Ready to get nerdy with it? Let’s get nerdy with it.

Meet the Device Code Flow

Before we understand Device Code Phishing, we need to understand the feature that allows this attack to exist in the first place. Let’s begin with an implementation independent breakdown of the feature in question and how it's exploited. Time to meet the device code flow, aka the device authorization grant!

*Figure 1: Abstract of the OAuth 2.0 device authorization grant*

I read the RFC so you don’t have to. Though I’d recommend it if you’re looking for a sleep aid.

The device authorization grant is used in scenarios where one wishes to authenticate an internet-connected device that lacks a traditional input mechanism like a keyboard, web browser, or the like. The RFC calls these input constrained devices. Let’s imagine your average IoT printer, smart TV, WiFi-enabled toaster with a touch screen, or any other kind of device that's internet connected but lacks a full featured user interface.

If you want to authenticate your WiFi-enabled toaster into your cloud tenant (and, really, who wouldn’t want the thrill of doing that?), you have an issue on your hands. You can’t browse to the login page of your tenant from your toaster and input your username and password. But let’s imagine in this scenario that your toaster has a touch screen where you could input a six digit code. You can’t browse to the login page and type in your username and password, so how could you authenticate the toaster?

The device code flow allows you to:

Start the authentication process from the toaster by requesting a device code.
Move over to a computer with a keyboard and web browser.
Use the web browser to input the device code along with your credentials to complete the authentication process...
...and then return to the toaster and retrieve the access token that you generated by logging in.

*Figure 2: Diagram of hypothetical device code authentication*

This effectively solves the problem of authenticating input-constrained devices. Huzzah! Now you can join your toaster to your tenant.

If this sounds extremely niche, it’s because it is. This feature of OAuth has a narrow application and is only used in a handful of scenarios by certain types of users. Put simply, your average user likely will not need to know about the device code flow.

If hackers are good at anything, it’s finding niche features like the device code flow and pivoting this one-off authentication method into a vector of initial access. So let’s talk about phishing with device codes!

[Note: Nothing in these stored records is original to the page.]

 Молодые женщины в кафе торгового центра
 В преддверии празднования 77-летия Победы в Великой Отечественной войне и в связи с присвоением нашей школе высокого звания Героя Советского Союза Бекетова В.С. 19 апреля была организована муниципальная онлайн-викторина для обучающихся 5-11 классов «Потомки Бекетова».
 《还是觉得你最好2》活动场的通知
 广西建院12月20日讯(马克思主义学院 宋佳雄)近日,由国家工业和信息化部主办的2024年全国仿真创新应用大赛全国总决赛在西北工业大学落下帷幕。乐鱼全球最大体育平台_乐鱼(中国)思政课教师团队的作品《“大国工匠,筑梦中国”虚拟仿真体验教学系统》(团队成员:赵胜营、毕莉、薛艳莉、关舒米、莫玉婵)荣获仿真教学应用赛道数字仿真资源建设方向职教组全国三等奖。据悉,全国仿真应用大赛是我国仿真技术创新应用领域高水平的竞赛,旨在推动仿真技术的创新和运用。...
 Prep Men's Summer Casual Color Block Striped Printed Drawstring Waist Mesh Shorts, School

Device Code Phishing in Microsoft 365

Phishing by exploiting the device code flow is nothing new. Some of the great identity researchers of our time have already written on the subject, including Dr. Nestori Syynimaa, Dirk-jan Mollema, and Lina Lau (@inversecos). By applying some social engineering finesse, the device code flow can be co-opted and used maliciously to generate an access token to some resource that can then be recovered by the attacker.

Here’s how it goes down:

Attacker requests a device code from the identity provider’s device code API. Requesting the code doesn't require authentication and uses the completely legitimate API to do so.
Attacker crafts a convincing email and sends it to the victim, which coerces the victim to go to the device code login page and punch in the code.
Victim obliges and goes to the completely legitimate device code login page where they input the device code, their username and password, and their MFA code. And then… nothing happens, at least from the victim’s perspective…
…but the attacker has been monitoring the device code API the whole time and asks every 10 seconds, “Have they authenticated yet?” Once the user completes the authentication, the device code authentication API generates a set of access tokens for the victim.
The attacker requests the set of tokens, which they pivot into initial access.

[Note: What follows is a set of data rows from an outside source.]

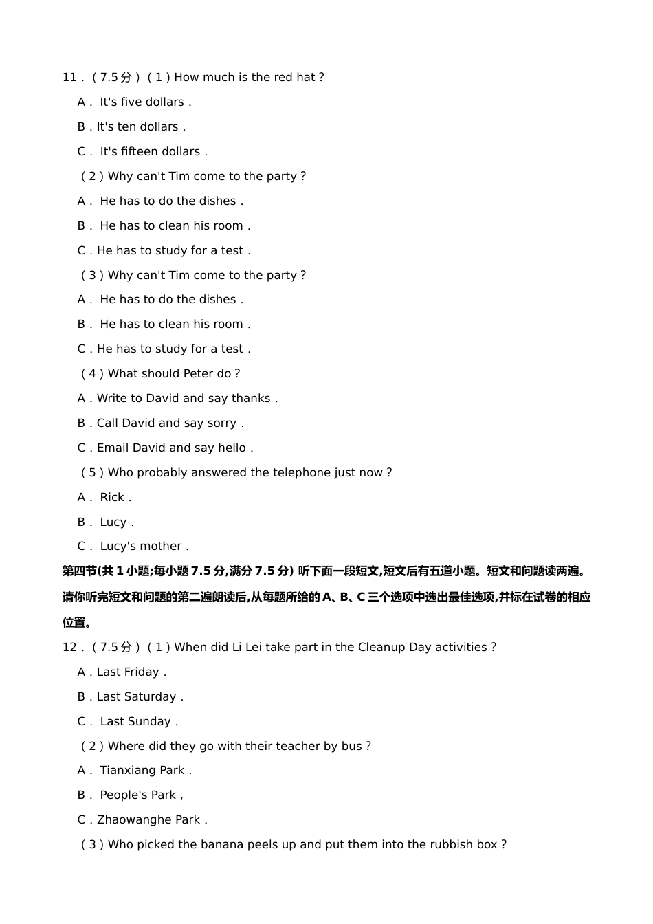 山东省菏泽市2019年中考英语试题选择题(共80分)一、听力(共四节,满分7.5分)做题时,先将答案标在试卷上,录音内容结束后,请将试卷上的答案转涂到答题卡上。第一节(共5小题;每小题1.5分,满分7.5分)听下面5个句子每个句子后有三幅图画,每个句子仅读一遍。请你从每题所给的A、B、C三个选项中选出与句子内容相符的图画,并标在试卷的相应位置。1.(1.5分)2.(1.5分)3.(1.5分)4.(1.5分)5.(1.5分)第二节(共5小题;每小题1.5分,满分7.5分)听下面5个句子,每个句子后有一道小题,每个句子读两遍,请你听完句子的第二遍朗读后,从每题所给的A、B、C三个选项中选出最佳答语并标在试卷的相应位置。6.(1.5分)A.You'rewelcome.B.Itdoesn'tmatter.C.Sorrytohearthat.7.(1.5分)A.Yes,Ican.B.No,Ican't.C.Sorry,Iwon't.8.(1.5分)A.Iwanttobeateacher.B.I'm12yearsold.C.I'dlikesomenoodles.9.(1.5分)A.It'sverybeautiful.B.Yes,Ihave.C.Soundsgood.10.(1.5分)A.Enjoythefullmoon.B.Watchtheboatraces.C.Makesnowmen.第三节(共1小题;每小题7.5分,满分7.5分)听下面5段对话,每段对话后有一道小题,每段对话和问题读两遍,请你听完对话和问题的第二遍朗读后,从每题所给的A、B、C三个选项中选出最佳选项,并标在试卷的相应位置。11.(7.5分)(1)Howmuchistheredhat?A.It'sfivedollars.B.It'stendollars.C.It'sfifteendollars.(2)Whycan'tTimcometotheparty?A.Hehastodothedishes.B.Hehastocleanhisroom.C.Hehastostudyforatest.(3)Whycan'tTimcometotheparty?A.Hehastodothedishes.B.Hehastocleanhisroom.C.Hehastostudyforatest.(4)WhatshouldPeterdo?A.WritetoDavidandsaythanks.B.CallDavidandsaysorry.C.EmailDavidandsayhello.(5)Whoprobablyansweredthetelephonejustnow?A.Rick.B.Lucy.C.Lucy'smother.第四节(共1小题;每小题7.5分,满分7.5分)听下面一段短文,短文后有五道小题。短文和问题读两遍。请你听完短文和问题的第二遍朗读后,从每题所给的A、B、C三个选项中选出最佳选项,并标在试卷的相应位置。12.(7.5分)(1)WhendidLiLeitakepartintheCleanupDayactivities?A.LastFriday.B.LastSaturday.C.LastSunday.(2)Wheredidtheygowiththeirteacherbybus?A.TianxiangPark.B.People'sPark,C.ZhaowanghePark.(3)Whopickedthebananapeelsupandputthemintotherubbishbox?A.Aboy.B.LiLei.C.LiLei'steacher.(4)Whatdidtheyhelptodointheend?A.Plantthetrees.B.ThrowtherubbishC.Watertheflowers.(5)Howdidtheyfeel?A.Tiredbuthappy.B.Tiredandterrible.C.Boredbutrelaxed.二、英语知识运用(共两节,满分10分)第一节单项填空(共10小题;每小题1分,满分10分)从A、B、C三个选项中,选出可以填入空白处的最佳选项并在答题卡上将该项涂黑。13.(1分)﹣Areyou____littleboyinthephoto,Tony?﹣Yes,it'sme.ThisphotowastakenwhenIwasonlythree.()A.aB.anC.the14.(1分)﹣Therelationsbetweenmyparentshavebecomedifficult.WhatshouldIdo?Youcoulddomorejobsaroundthehousesothattheyhavemoretimefor﹣proper____.()A.instrumentB.communicationC.community15.(1分)﹣Howisyourfriendgoingtothestation?﹣I'mnotsure.He____takeataxithere.()A.mustB.hastoC.may16.(1分)﹣Thisisareallyoldbike.﹣Yes,I____itforsevenyears.()A.havehadB.haveboughtC.Bought17.(1分)Bemore____nexttime,andyouwon'tmakethesamemistakeagain.()A.carelessB.carefulC.nervous18.(1分)____mygrandpaisover80yearsold,hestilllooksstrongandhealthy.()A.AlthoughB.BecauseC.Unless19.(1分)﹣Lucy,whenyouleavetheroom,please____thelight.﹣OK,Mom.()A.putoffB.turnoffC.turnup20.(1分)﹣Couldyoupleasetellme____?﹣Sure.Justgoalongthisstreetandyou'llfinditonyourleft.()A.w...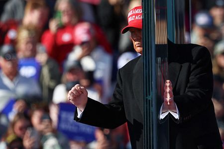 LITITZ, Pennsylvania (Reuters) -Republican Donald Trump complained to supporters on Sunday about gaps in the bullet-proof glass surrounding him as he spoke and mused that an assassin would have to shoot through the news media to get him, adding, “I don’t mind that so much.”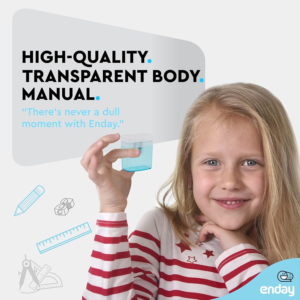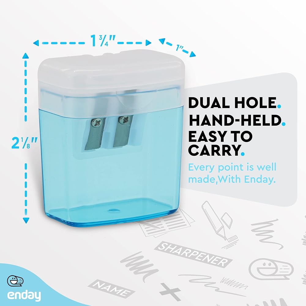Pencil Sharpener Dual Hole Manual Blue, Jumbo Crayon Sharpener with Cover and Bin, Handheld Color Pencil Sharpeners for Large & Standard Pencils, Also Available in Red, Green, Purple, 1 Pc – by Enday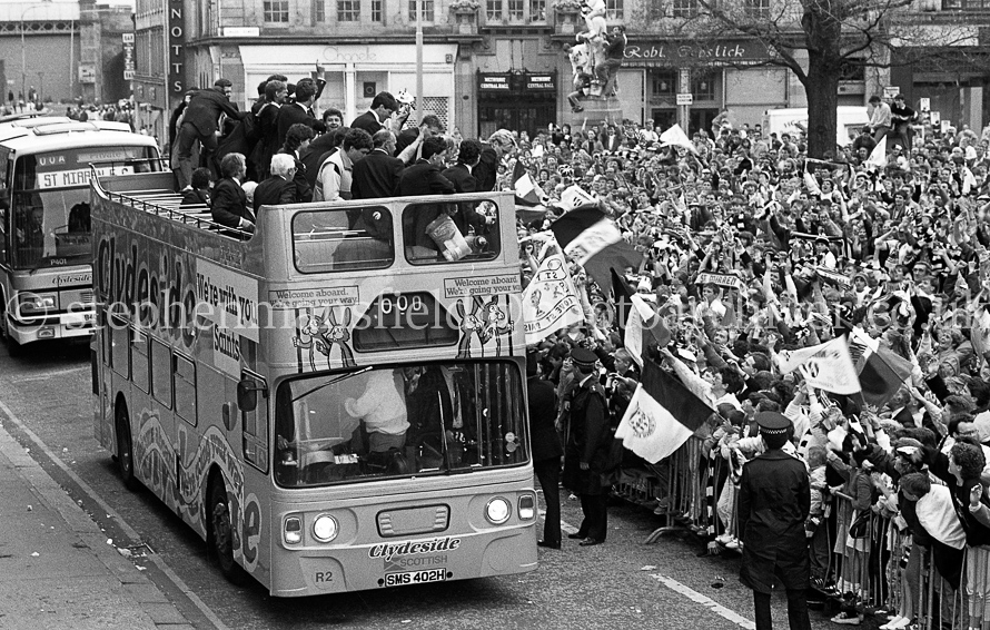 The St. Mirren Football team arrive back in Paisley after winning the Scottish Cup in the 1-0 final with Dundee United at Hampden Park. Ian Ferguson was the scorer and was the third cup win in their then 110-year history. Pictures by Stephen Mansfield.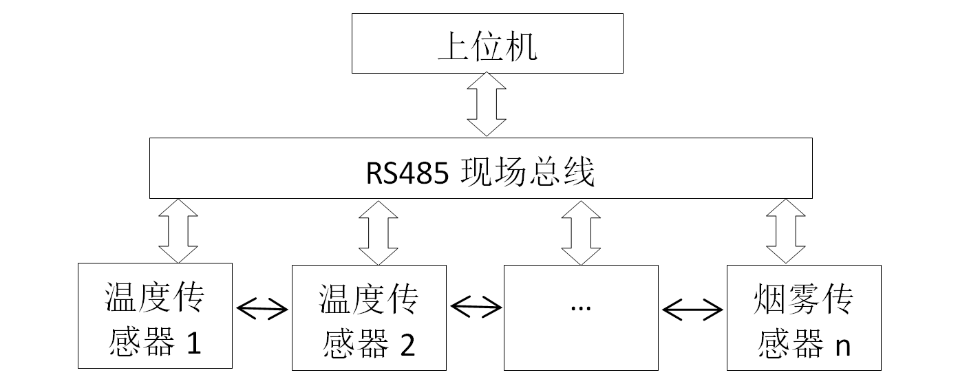 除此之外,为了防止传感器由于电缆接头爆燃或者炸裂过程中受损,导致无法向上位机传输信号,本文设计的是多主机系统,即每一个传感器对应的都是一个主机,主机之间可以相互通信,并且通过RS485现场总线向上位机系统设计方案如图1所示。

Let’s look at a concrete example where the Azure device code flow is used to perform this attack.

First, the attacker requests the device code. This is as simple as cURLing the Azure device code flow API. Remember: as an attacker, I can just do this. I don’t need to authenticate or prove who I am. As long as I structure the request correctly, the API will hand over a device code to start the process. The cURL request would look something like this…

Loading Gist...

…where:

The requested URL is Azure’s common device code authentication API endpoint.
The client_id parameter is the GUID of the requesting client (pay attention to this; it will be important later).
The resource parameter is the requested resource. In this case, we’re asking the API to generate a set of tokens that can authenticate a device with the Graph API.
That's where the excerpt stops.